DATA FOR ANALYSIS:
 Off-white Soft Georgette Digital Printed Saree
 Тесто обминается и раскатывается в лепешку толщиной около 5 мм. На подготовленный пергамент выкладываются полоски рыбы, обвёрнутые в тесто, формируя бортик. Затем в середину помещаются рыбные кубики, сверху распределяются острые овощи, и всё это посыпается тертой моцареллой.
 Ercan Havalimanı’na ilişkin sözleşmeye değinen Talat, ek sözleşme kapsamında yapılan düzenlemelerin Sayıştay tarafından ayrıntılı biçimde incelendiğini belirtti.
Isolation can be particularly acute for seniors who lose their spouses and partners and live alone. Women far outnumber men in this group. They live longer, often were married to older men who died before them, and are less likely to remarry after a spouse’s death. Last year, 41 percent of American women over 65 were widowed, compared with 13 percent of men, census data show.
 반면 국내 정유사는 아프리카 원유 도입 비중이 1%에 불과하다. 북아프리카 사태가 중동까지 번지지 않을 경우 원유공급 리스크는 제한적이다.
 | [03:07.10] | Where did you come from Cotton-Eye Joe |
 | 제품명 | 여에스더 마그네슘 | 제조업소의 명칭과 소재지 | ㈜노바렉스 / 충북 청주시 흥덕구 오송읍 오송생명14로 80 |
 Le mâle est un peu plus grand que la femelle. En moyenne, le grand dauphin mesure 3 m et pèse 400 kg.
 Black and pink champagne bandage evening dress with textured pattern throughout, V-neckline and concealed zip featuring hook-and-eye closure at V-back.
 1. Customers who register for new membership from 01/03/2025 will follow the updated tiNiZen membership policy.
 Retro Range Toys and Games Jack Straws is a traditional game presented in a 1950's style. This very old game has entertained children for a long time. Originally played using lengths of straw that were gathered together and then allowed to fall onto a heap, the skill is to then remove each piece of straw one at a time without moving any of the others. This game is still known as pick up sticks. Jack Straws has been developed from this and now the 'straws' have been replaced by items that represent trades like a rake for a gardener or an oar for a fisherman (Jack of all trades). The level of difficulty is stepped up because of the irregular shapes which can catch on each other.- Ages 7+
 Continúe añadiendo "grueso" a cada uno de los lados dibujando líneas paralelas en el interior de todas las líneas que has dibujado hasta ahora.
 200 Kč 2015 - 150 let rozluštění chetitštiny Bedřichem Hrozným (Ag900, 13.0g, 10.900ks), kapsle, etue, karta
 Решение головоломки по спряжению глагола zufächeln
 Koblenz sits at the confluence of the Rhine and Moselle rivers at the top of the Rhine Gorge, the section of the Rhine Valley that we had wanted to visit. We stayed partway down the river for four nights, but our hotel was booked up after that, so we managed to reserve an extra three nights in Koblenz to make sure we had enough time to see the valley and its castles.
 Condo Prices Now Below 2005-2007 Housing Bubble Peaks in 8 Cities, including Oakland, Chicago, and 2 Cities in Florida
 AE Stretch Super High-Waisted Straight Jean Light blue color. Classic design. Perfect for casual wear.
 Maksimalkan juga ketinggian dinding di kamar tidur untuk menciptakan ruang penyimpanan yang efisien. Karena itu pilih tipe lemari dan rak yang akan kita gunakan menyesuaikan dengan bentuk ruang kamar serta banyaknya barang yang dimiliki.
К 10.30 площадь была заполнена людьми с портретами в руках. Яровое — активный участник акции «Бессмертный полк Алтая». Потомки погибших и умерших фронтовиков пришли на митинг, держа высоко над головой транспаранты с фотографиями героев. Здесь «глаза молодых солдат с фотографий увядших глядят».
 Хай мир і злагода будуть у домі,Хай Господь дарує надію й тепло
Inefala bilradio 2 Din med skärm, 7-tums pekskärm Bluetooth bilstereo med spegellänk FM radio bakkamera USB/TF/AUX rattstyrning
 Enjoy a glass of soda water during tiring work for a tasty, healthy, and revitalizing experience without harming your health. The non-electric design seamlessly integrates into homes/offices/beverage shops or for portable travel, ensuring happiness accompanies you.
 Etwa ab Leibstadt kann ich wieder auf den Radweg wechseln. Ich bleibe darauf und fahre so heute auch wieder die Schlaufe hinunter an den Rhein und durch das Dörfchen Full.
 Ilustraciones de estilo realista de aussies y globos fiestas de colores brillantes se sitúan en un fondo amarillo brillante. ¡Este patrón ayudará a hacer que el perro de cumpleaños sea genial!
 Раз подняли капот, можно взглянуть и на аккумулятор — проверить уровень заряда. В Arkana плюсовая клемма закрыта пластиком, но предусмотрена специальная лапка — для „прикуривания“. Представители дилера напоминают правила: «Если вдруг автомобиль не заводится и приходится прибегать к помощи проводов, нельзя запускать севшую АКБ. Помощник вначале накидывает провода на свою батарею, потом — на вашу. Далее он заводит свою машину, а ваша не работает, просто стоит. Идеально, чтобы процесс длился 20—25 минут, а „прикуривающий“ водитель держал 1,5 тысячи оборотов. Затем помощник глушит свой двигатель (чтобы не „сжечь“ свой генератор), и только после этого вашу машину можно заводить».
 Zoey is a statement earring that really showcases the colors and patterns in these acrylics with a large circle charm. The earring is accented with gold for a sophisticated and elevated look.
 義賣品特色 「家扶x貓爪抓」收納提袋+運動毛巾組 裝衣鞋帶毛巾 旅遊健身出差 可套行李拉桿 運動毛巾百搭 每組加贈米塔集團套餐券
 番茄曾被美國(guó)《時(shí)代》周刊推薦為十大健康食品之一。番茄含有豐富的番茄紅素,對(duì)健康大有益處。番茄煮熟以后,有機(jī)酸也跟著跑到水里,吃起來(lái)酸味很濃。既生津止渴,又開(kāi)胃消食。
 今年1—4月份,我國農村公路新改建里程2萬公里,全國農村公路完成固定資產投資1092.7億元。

WHAT YOU ARE ASKED TO DO: The required output is every line from the one with "Ilustraciones de estilo" to the final line of the entries, repeated exactly and with nothing else.

TASK ANSWER:
 Ilustraciones de estilo realista de aussies y globos fiestas de colores brillantes se sitúan en un fondo amarillo brillante. ¡Este patrón ayudará a hacer que el perro de cumpleaños sea genial!
 Раз подняли капот, можно взглянуть и на аккумулятор — проверить уровень заряда. В Arkana плюсовая клемма закрыта пластиком, но предусмотрена специальная лапка — для „прикуривания“. Представители дилера напоминают правила: «Если вдруг автомобиль не заводится и приходится прибегать к помощи проводов, нельзя запускать севшую АКБ. Помощник вначале накидывает провода на свою батарею, потом — на вашу. Далее он заводит свою машину, а ваша не работает, просто стоит. Идеально, чтобы процесс длился 20—25 минут, а „прикуривающий“ водитель держал 1,5 тысячи оборотов. Затем помощник глушит свой двигатель (чтобы не „сжечь“ свой генератор), и только после этого вашу машину можно заводить».
 Zoey is a statement earring that really showcases the colors and patterns in these acrylics with a large circle charm. The earring is accented with gold for a sophisticated and elevated look.
 義賣品特色 「家扶x貓爪抓」收納提袋+運動毛巾組 裝衣鞋帶毛巾 旅遊健身出差 可套行李拉桿 運動毛巾百搭 每組加贈米塔集團套餐券
 番茄曾被美國(guó)《時(shí)代》周刊推薦為十大健康食品之一。番茄含有豐富的番茄紅素,對(duì)健康大有益處。番茄煮熟以后,有機(jī)酸也跟著跑到水里,吃起來(lái)酸味很濃。既生津止渴,又開(kāi)胃消食。
 今年1—4月份,我國農村公路新改建里程2萬公里,全國農村公路完成固定資產投資1092.7億元。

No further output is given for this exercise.